*How to complete this task*.
For every entry below, give an exact repeat and leave out the pictures.

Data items
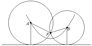 A vezéregyenes ugyanolyan távol van az A illetve B pontoktól, mint F. Rajzoljuk meg A és B körül azt a két kört, amely átmegy F-en. A vezéregyenes ennek a két körnek közös érintője.
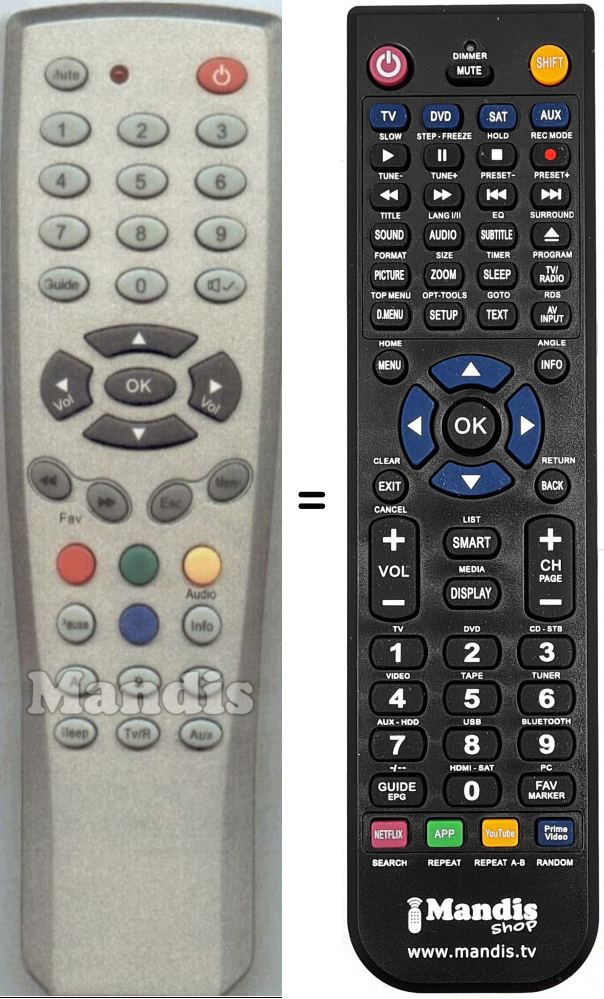 Télécommande qui remplace celle d'origine car elle possède les mêmes fonctions.
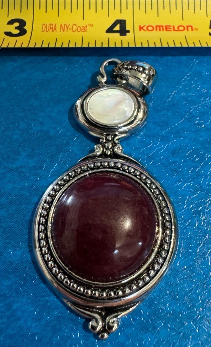 Design and Materials: The pendant showcases a prominent round red jasper stone and a smaller, oval Mother of Pearl inlay, both secured within an ornate silver-tone setting with a Victorian meets Bo-Ho motif featuring flourishes and domed beads.
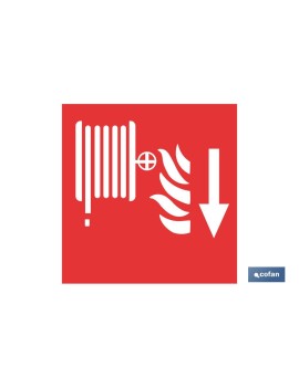 Señal luminiscente de socorro Manguera Extinción abajo.
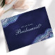 Purple Teal Agate Geode Will You Be My Bridesmaid Invitation. This elegant modern trendy abstract design features sparkly purple and teal glitter agate gemstone lines against a purplish navy blue watercolor background.
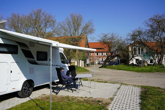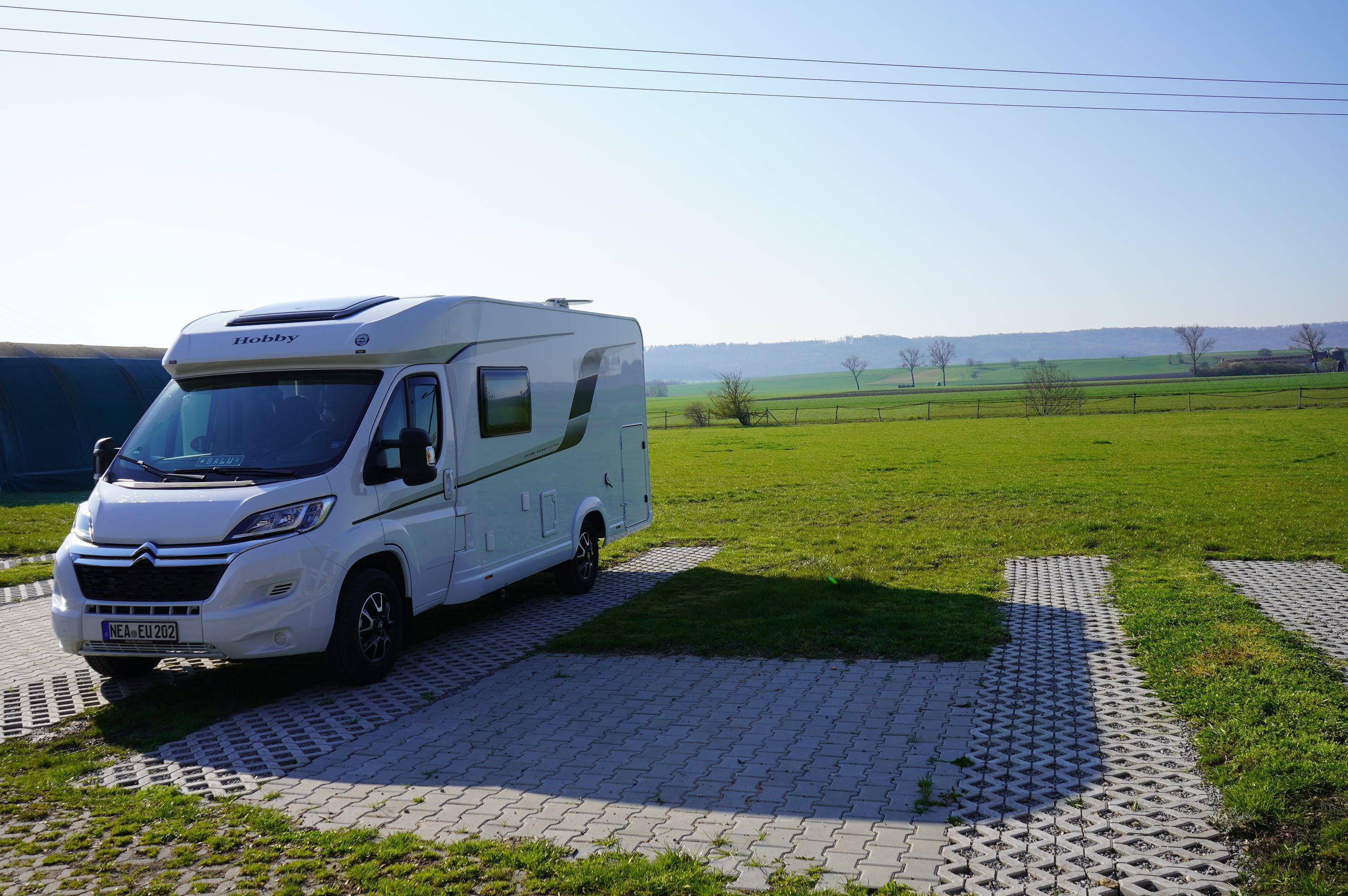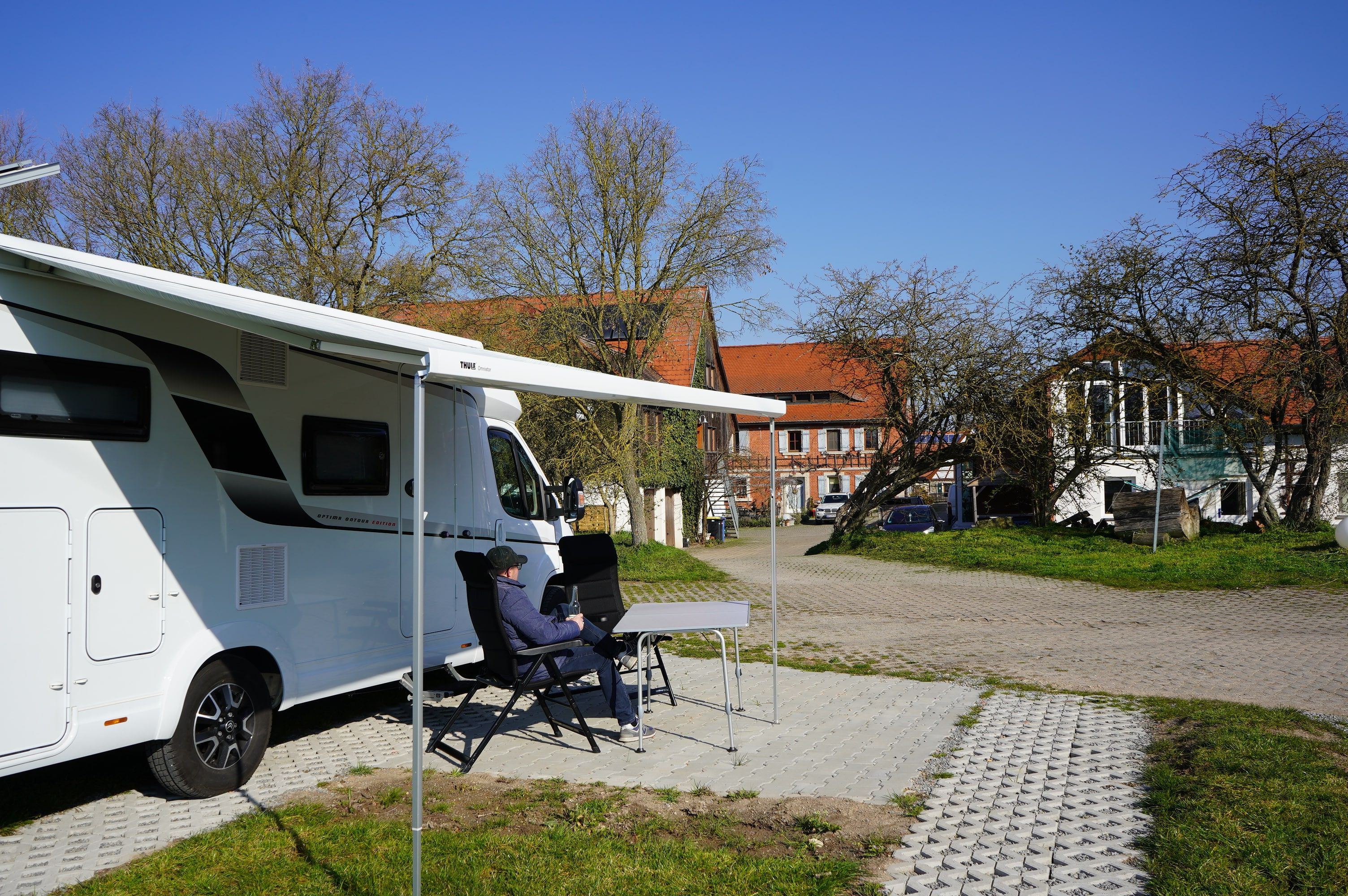 Unsere 3 Wohnmobilstellplätze befinden sich auf der Wiese hinter dem Hof. Der Untergrund ist befestigt und ein Stromanschluss ist vorhanden. Sie können gerne die öffentlichen WC`s am Hof benutzen.
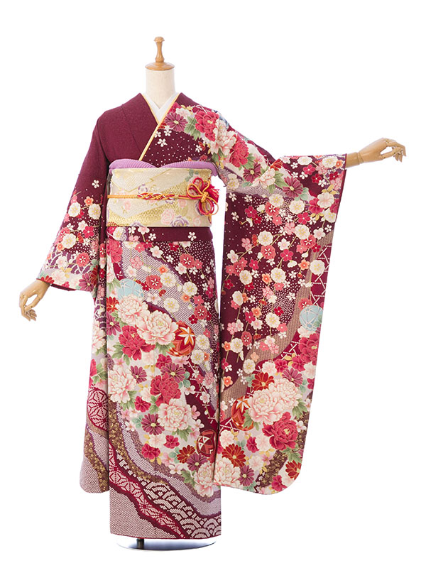 振袖|赤系|桜 牡丹 |1S2887|対応身長:153-165cm|サイズ:7号-13号
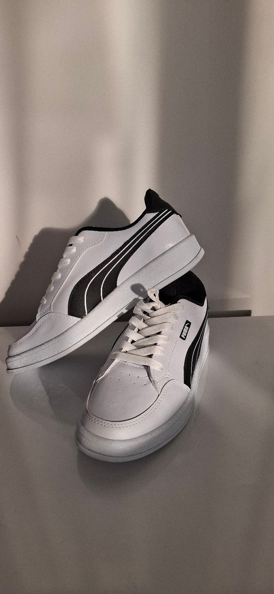 Gri siyah çizgili detaylara sahip beyaz spor ayakkabılar, blok topuk ve kolay kullanım için cırt cırtlıdır. Spor tarzı için uygundur.
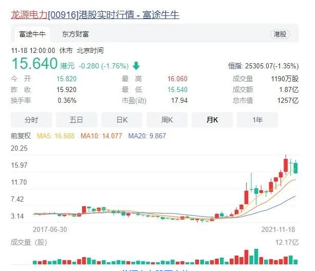 龍源電力(港股代碼00916),從2020年6月開始啟動,乘著市場猛炒新能源賽道東風(fēng),到目前已經(jīng)漲幅巨大,達(dá)到5倍。
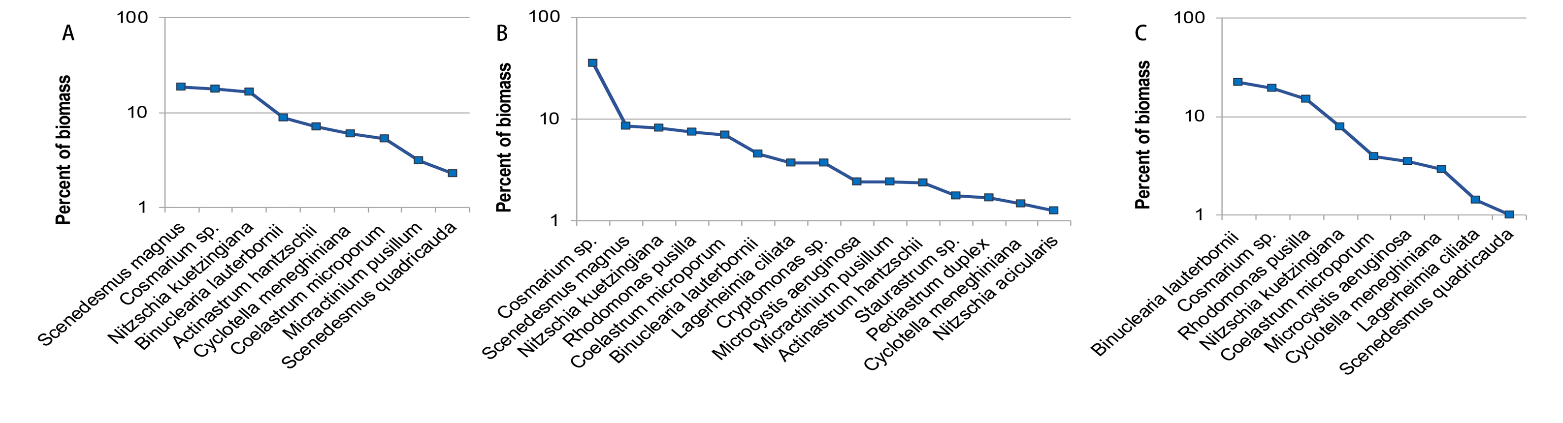 Fig. 8.The graph of dominance–diversity of phytoplankton communities in the Tashlyk reservoir. Illustration (A) community Scenedesmus magnus + Cosmarium sp. + Nitzschia kuetzingiana, (B) Cosmarium sp. + Scenedesmus magnus + Nitzschia kuetzingiana, and (C) Binuclearia lauterbornii + Cosmarium sp. + Rhodomonas pusilla.
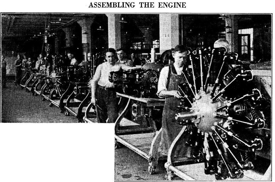 In the first quarter century, the plane has developed from a clumsy, dangerous collection of lumber, cloth and piano wire into a trim, dependable, safe transport device. In 1903 a simple woodshed was hangar, workshop and office for two men who constituted the aviation industry of their day. Now 25,000 men are employed directly in the building and servicing of planes and another 50,000 in fashioning the raw materials, financing, selling and exploiting the product. Each year sees aviation thrusting forward, doubling previous records. Five thousand planes were made last year, 2,000 the year before, probably 10,000 will be turned out this year.
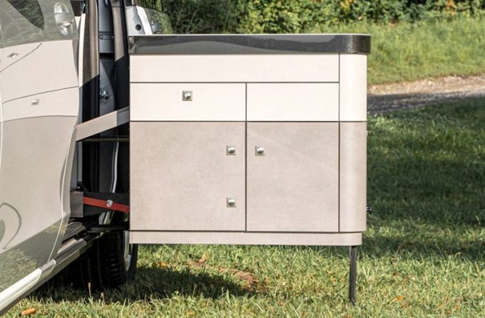 Plus proche d'un camping-car, la version Campstar embarquera un mini-réfrigérateur et une kitchenette latérale extractible (avec évier et réchaud) pour un usage interne ou externe (grâce à un nouveau système de bras pivotant Easy Move). Sa banquette biplace coulissante se transformera aussi en lit d'appoint. Une table démontable pourra être installée au centre pour s'y retrouver à quatre convives.

*Response area*.
 A vezéregyenes ugyanolyan távol van az A illetve B pontoktól, mint F. Rajzoljuk meg A és B körül azt a két kört, amely átmegy F-en. A vezéregyenes ennek a két körnek közös érintője.
 Télécommande qui remplace celle d'origine car elle possède les mêmes fonctions.
 Design and Materials: The pendant showcases a prominent round red jasper stone and a smaller, oval Mother of Pearl inlay, both secured within an ornate silver-tone setting with a Victorian meets Bo-Ho motif featuring flourishes and domed beads.
 Señal luminiscente de socorro Manguera Extinción abajo.
 Purple Teal Agate Geode Will You Be My Bridesmaid Invitation. This elegant modern trendy abstract design features sparkly purple and teal glitter agate gemstone lines against a purplish navy blue watercolor background.
 Unsere 3 Wohnmobilstellplätze befinden sich auf der Wiese hinter dem Hof. Der Untergrund ist befestigt und ein Stromanschluss ist vorhanden. Sie können gerne die öffentlichen WC`s am Hof benutzen.
 振袖|赤系|桜 牡丹 |1S2887|対応身長:153-165cm|サイズ:7号-13号
 Gri siyah çizgili detaylara sahip beyaz spor ayakkabılar, blok topuk ve kolay kullanım için cırt cırtlıdır. Spor tarzı için uygundur.
 龍源電力(港股代碼00916),從2020年6月開始啟動,乘著市場猛炒新能源賽道東風(fēng),到目前已經(jīng)漲幅巨大,達(dá)到5倍。
 Fig. 8.The graph of dominance–diversity of phytoplankton communities in the Tashlyk reservoir. Illustration (A) community Scenedesmus magnus + Cosmarium sp. + Nitzschia kuetzingiana, (B) Cosmarium sp. + Scenedesmus magnus + Nitzschia kuetzingiana, and (C) Binuclearia lauterbornii + Cosmarium sp. + Rhodomonas pusilla.
 In the first quarter century, the plane has developed from a clumsy, dangerous collection of lumber, cloth and piano wire into a trim, dependable, safe transport device. In 1903 a simple woodshed was hangar, workshop and office for two men who constituted the aviation industry of their day. Now 25,000 men are employed directly in the building and servicing of planes and another 50,000 in fashioning the raw materials, financing, selling and exploiting the product. Each year sees aviation thrusting forward, doubling previous records. Five thousand planes were made last year, 2,000 the year before, probably 10,000 will be turned out this year.
 Plus proche d'un camping-car, la version Campstar embarquera un mini-réfrigérateur et une kitchenette latérale extractible (avec évier et réchaud) pour un usage interne ou externe (grâce à un nouveau système de bras pivotant Easy Move). Sa banquette biplace coulissante se transformera aussi en lit d'appoint. Une table démontable pourra être installée au centre pour s'y retrouver à quatre convives.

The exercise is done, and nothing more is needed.